Heuristic:Speechbrain Speechbrain Dynamic Mixing Parameters
| Knowledge Sources | |
|---|---|
| Domains | Speech_Separation, Data_Augmentation |
| Last Updated | 2026-02-09 20:00 GMT |
Overview
Empirically-derived loudness normalization parameters for dynamic mixing augmentation, matching the WSJ0Mix dataset distribution with a 0.9 peak headroom factor.
Description
Dynamic mixing augmentation creates on-the-fly speech mixtures from individual source utterances. The loudness levels must match the distribution of the original training dataset (WSJ0Mix) for effective training. The first speaker's gain is drawn from a Gaussian distribution N(-27.43, 2.57) dB, and subsequent speakers are offset from the first by N(-2.51, 2.66) dB. After mixing, the entire signal is peak-normalized with a 0.9 headroom factor to prevent digital clipping.
Usage
Apply when using dynamic mixing augmentation in separation recipes (WSJ0Mix, LibriMix, Aishell1Mix, BinauralWSJ0Mix). These parameters are hardcoded in the dynamic_mixing.py scripts.
The Insight (Rule of Thumb)
- Action: Use gain = N(-27.43, 2.57) clipped to [-45, 0] dB for first speaker. Use relative gain = N(-2.51, 2.66) dB for additional speakers. Apply peak normalization with factor 0.9.
- Value: First speaker: mean=-27.43 dB, std=2.57 dB. Relative offset: mean=-2.51 dB, std=2.66 dB. Peak headroom: 0.9.

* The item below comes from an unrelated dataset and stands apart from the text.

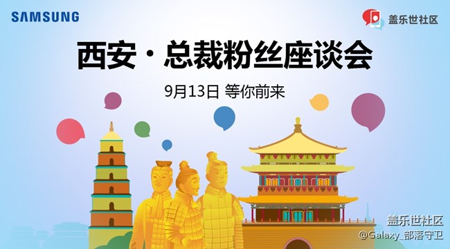 - 小伙伴們,在這秋高氣爽的日子。三星電子移動(dòng)事業(yè)部總裁——高東真先生即將到訪西安! 不知道西安的小伙伴們有沒(méi)有感到驚喜!2018年9月13日 古都西安粉絲們將有機(jī)會(huì)與高東真先生 進(jìn)行一場(chǎng)零距離的精彩座談會(huì)。小伙伴們趕快動(dòng)動(dòng)手指踴躍報(bào)名吧,名額有限,我們等你來(lái)!【招募時(shí)間】即日起-2018年9月7日【時(shí)間地點(diǎn)】9月13日 (周四) 下午活動(dòng)地點(diǎn)及到場(chǎng)時(shí)間 報(bào)名成功后短信通知 【招募對(duì)象及名額】全國(guó)星部落 粉絲100人【報(bào)名費(fèi)用】完全免費(fèi)【活動(dòng)內(nèi)容】現(xiàn)場(chǎng)的蓋樂(lè)世社區(qū)粉絲與三星高社長(zhǎng)進(jìn)行互動(dòng),零距離面對(duì)面交流討論!【報(bào)名方式】請(qǐng)按照下方報(bào)名格式填寫(xiě)內(nèi)容【特殊禮品】凡報(bào)名成功的用戶(hù),活動(dòng)結(jié)束后即可領(lǐng)取價(jià)

- Trade-off: Using incorrect loudness statistics creates unrealistic mixtures that degrade separation performance. The 0.9 headroom prevents clipping but slightly reduces dynamic range.
Reasoning
These specific values (-27.43 dB mean, 2.57 std for primary; -2.51 dB offset, 2.66 std for secondary) were derived from the loudness statistics of the WSJ0 dataset. The relative offset of -2.51 dB means the second speaker is on average slightly quieter, which is realistic for conversational scenarios. The 0.9 peak headroom factor (rather than 1.0) prevents digital clipping artifacts that would confuse the separation model.
Code from `recipes/WSJ0Mix/separation/dynamic_mixing.py:151-185`:
if i == 0:
gain = np.clip(random.normalvariate(-27.43, 2.57), -45, 0)
tmp = rescale(tmp, torch.tensor(len(tmp)), gain, scale="dB")
first_lvl = gain
else:
gain = np.clip(
first_lvl + random.normalvariate(-2.51, 2.66), -45, 0
)
tmp = rescale(tmp, torch.tensor(len(tmp)), gain, scale="dB")
# Peak normalization with headroom
max_amp = max(
torch.abs(mixture).max().item(),
*[x.item() for x in torch.abs(sources).max(dim=-1)[0]],
)
mix_scaling = 1 / max_amp * 0.9
sources = mix_scaling * sources
mixture = mix_scaling * mixture